:: Data excerpt ::
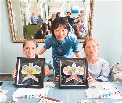 不久后的9月,“東方雅韻——中國文化藝術(shù)展”2.0版本及“天涯共此時”中秋文化體驗活動在西班牙馬德里中國文化中心舉辦。天津博物館首次將體驗工坊帶進馬德里社區(qū),當?shù)貎和跉g聲笑語中沉浸式感受中華傳統(tǒng)技藝,一位當?shù)嘏W⒌赜猛赜」ぞ邚?fù)刻楊柳青木版年畫,她指尖起落間,寓意吉祥的“連年有余”圖案逐漸清晰。工坊結(jié)束后,大家拿著自己拓印的團扇、親手捏制的中秋兔子與老師合影,還放飛了自己動手著色的迷你風箏。
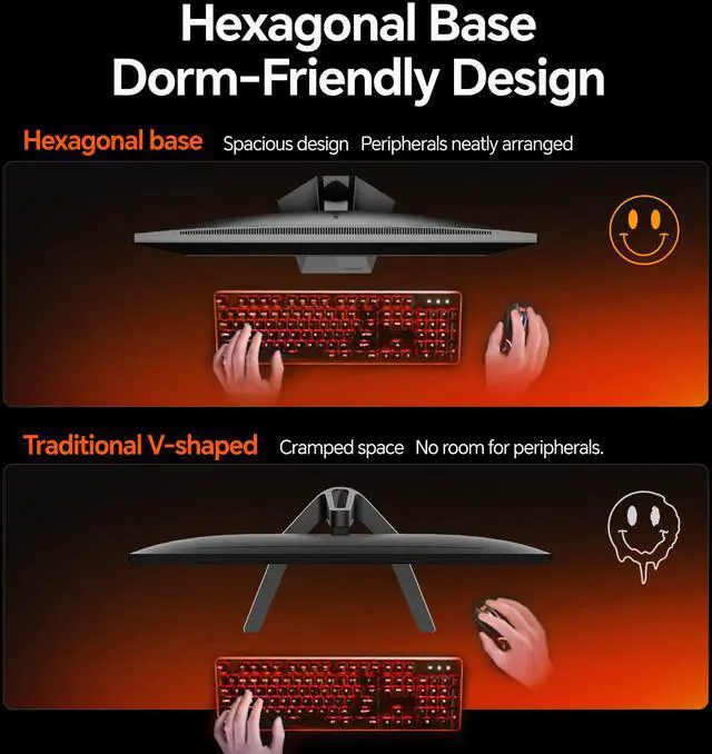 Maximize your desk space with the innovative hexagonal stand. Its small footprint ensures ample room for workspace while maintaining stability.
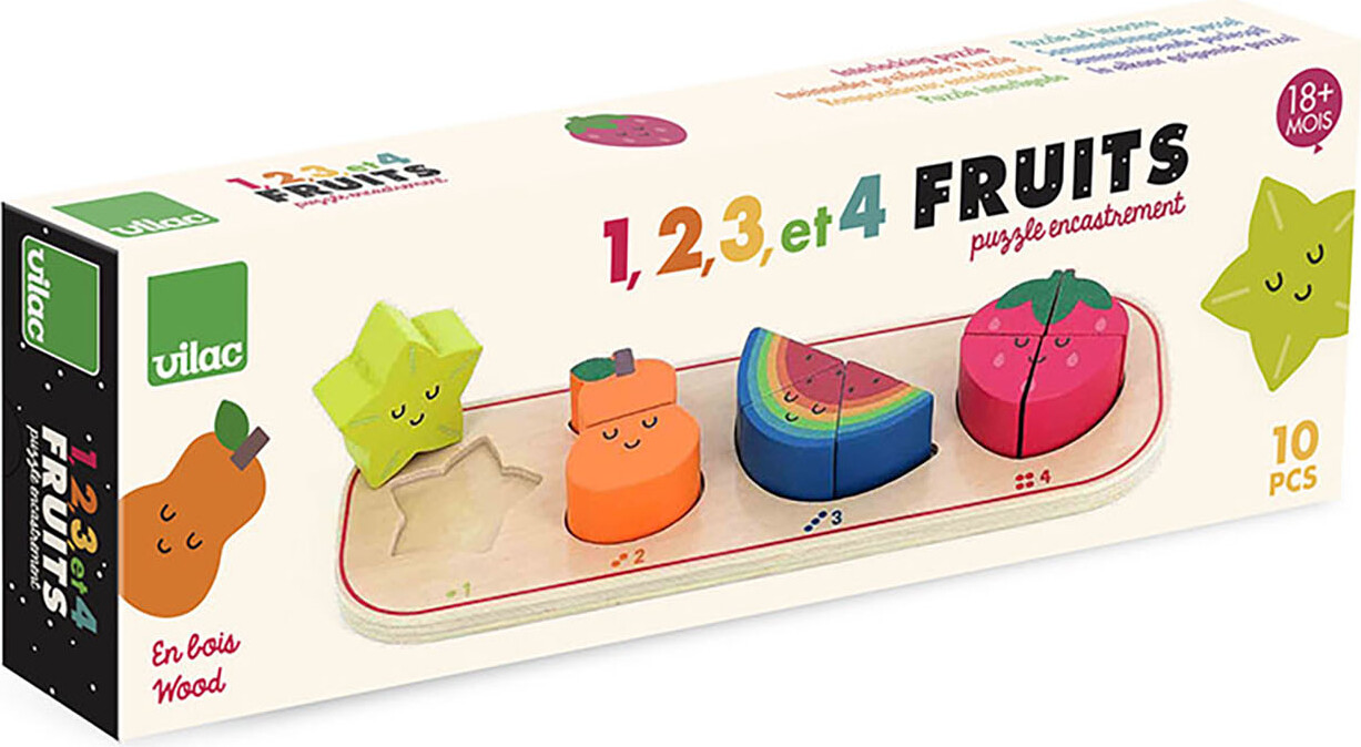 Vilac - Puslespil 10 Brikker - Fire Frugter
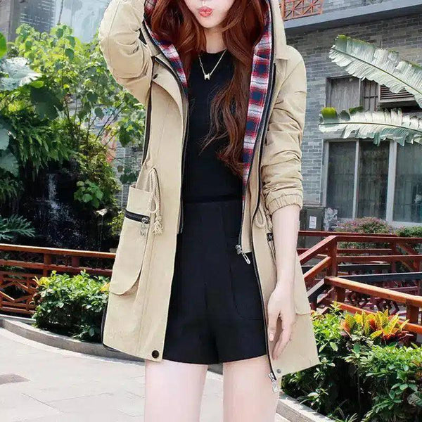 领口/肩部款式:全拉链开合,带格子衬里连帽 -

:: What is being asked ::
Once the pictures are set aside, repeat the data above exactly.

:: Solution below ::
 不久后的9月,“東方雅韻——中國文化藝術(shù)展”2.0版本及“天涯共此時”中秋文化體驗活動在西班牙馬德里中國文化中心舉辦。天津博物館首次將體驗工坊帶進馬德里社區(qū),當?shù)貎和跉g聲笑語中沉浸式感受中華傳統(tǒng)技藝,一位當?shù)嘏W⒌赜猛赜」ぞ邚?fù)刻楊柳青木版年畫,她指尖起落間,寓意吉祥的“連年有余”圖案逐漸清晰。工坊結(jié)束后,大家拿著自己拓印的團扇、親手捏制的中秋兔子與老師合影,還放飛了自己動手著色的迷你風箏。
 Maximize your desk space with the innovative hexagonal stand. Its small footprint ensures ample room for workspace while maintaining stability.
 Vilac - Puslespil 10 Brikker - Fire Frugter
 领口/肩部款式:全拉链开合,带格子衬里连帽 -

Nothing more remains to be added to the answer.